Cache keys are generated using query signatures and time buckets:

from cortex.core.cache.keys import build_query_signature, derive_time_bucket, build_cache_key

# Build cache signature
signature_payload = {
    "workspace_id": str(workspace_id),
    "environment_id": str(environment_id),
    "data_model_id": str(data_model.id),
    "metric_id": str(metric.id),
    "parameters": parameters or {},
    "context_id": context_id,
    "source_type": source_type.value,
    "grouped": grouped,
    "limit": limit,
    "offset": offset,
    "bucket": derive_time_bucket(start_time, metric.refresh),
    "metric_version": metric.version
}

cache_signature = build_query_signature(signature_payload)
cache_key = build_cache_key(cache_signature)

Cache Configuration

Caching can be controlled at multiple levels:

# Environment-level configuration
env_enabled = bool(cfg.enabled)

# Metric-level configuration  
metric_enabled = bool(metric.cache.enabled)

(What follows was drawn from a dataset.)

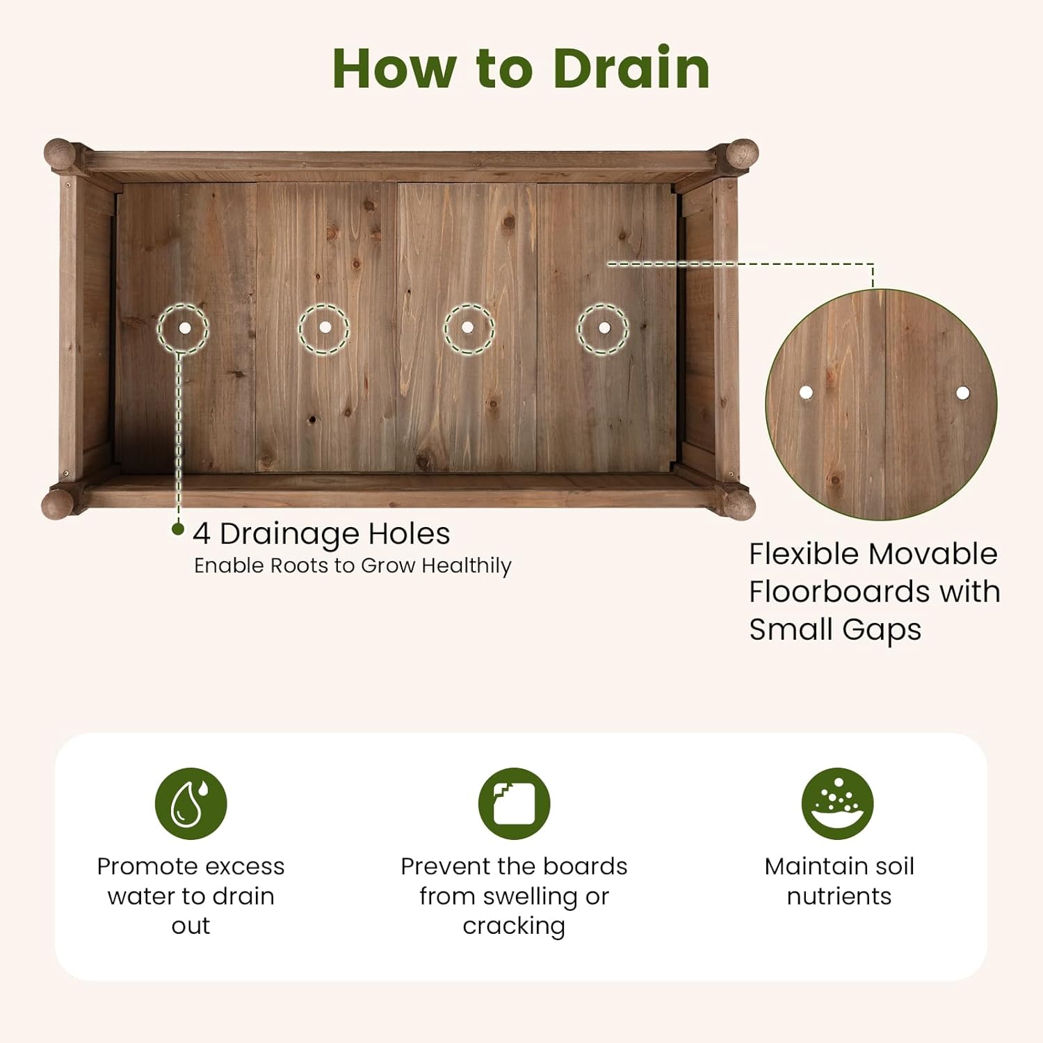 • [Multi-scene Application]: Featuring rustic finish, the wood planting bed looks elegant. Moreover, the wooden planter with elegant decorative corners will add its beauty, making it seamlessly complement with your garden, backyard and patio.

# Request-level configuration
request_enabled = bool(cache_preference.enabled)

# Final cache decision
cache_enabled = request_enabled if request_enabled is not None else (env_enabled and metric_enabled)

Advanced Query Features

Complex Joins

Handle multiple table relationships:

# Multi-table join with complex conditions
join_definition = {
    "name": "customer_order_product",
    "type": "inner",
    "tables": [
        {
            "table": "orders",
            "alias": "o",
            "joins": [
                {
                    "table": "customers",
                    "alias": "c",
                    "condition": "o.customer_id = c.customer_id"
                },
                {
                    "table": "order_items",
                    "alias": "oi",
                    "condition": "o.order_id = oi.order_id"
                },
                {
                    "table": "products",
                    "alias": "p",
                    "condition": "oi.product_id = p.product_id"
                }
            ]
        }
    ]
}

Query History and Monitoring

Query History

The query engine automatically logs all query executions with comprehensive metadata:

from cortex.core.query.history.service import QueryHistoryService

# Get query history for a specific metric
history = QueryHistoryService.get_metric_query_history(
    metric_id=metric_id,
    limit=100,
    include_failed=True
)

# Get execution statistics
stats = QueryHistoryService.get_metric_execution_stats(
    metric_id=metric_id,
    time_range="7d"
)

# Get slow queries
slow_queries = QueryHistoryService.get_metric_slow_queries(
    metric_id=metric_id,
    limit=10,
    threshold_ms=1000.0
)

Query Logging

Every query execution is automatically logged with:

  • Query text and parameters
  • Execution duration and row count
  • Cache mode (UNCACHED, CACHE_HIT, CACHE_MISS_EXECUTED, CACHE_REFRESHED)
  • Success/failure status and error messages
  • Context information (workspace, environment, consumer)
  • Query hash for deduplication
from cortex.core.query.history.logger import QueryLog, QueryCacheMode

# Query log entry
log_entry = QueryLog(
    metric_id=metric_id,
    data_model_id=data_model_id,
    query=generated_sql,
    duration=150.5,
    row_count=50,
    success=True,
    cache_mode=QueryCacheMode.CACHE_MISS_EXECUTED,
    query_hash="abc123..."
)

Best Practices

Query Optimization

  1. Limit result sets when possible
  2. Use efficient join types (INNER vs LEFT vs RIGHT)
  3. Use query result caching for expensive calculations

Performance Monitoring

  1. Monitor query execution times
  2. Track query success/failure rates

Error Handling

  1. Implement proper retry logic for transient failures
  2. Log detailed error information for debugging
  3. Graceful degradation when services are unavailable

The query engine is designed to be highly extensible, supporting new database types and query features while maintaining optimal performance and reliability.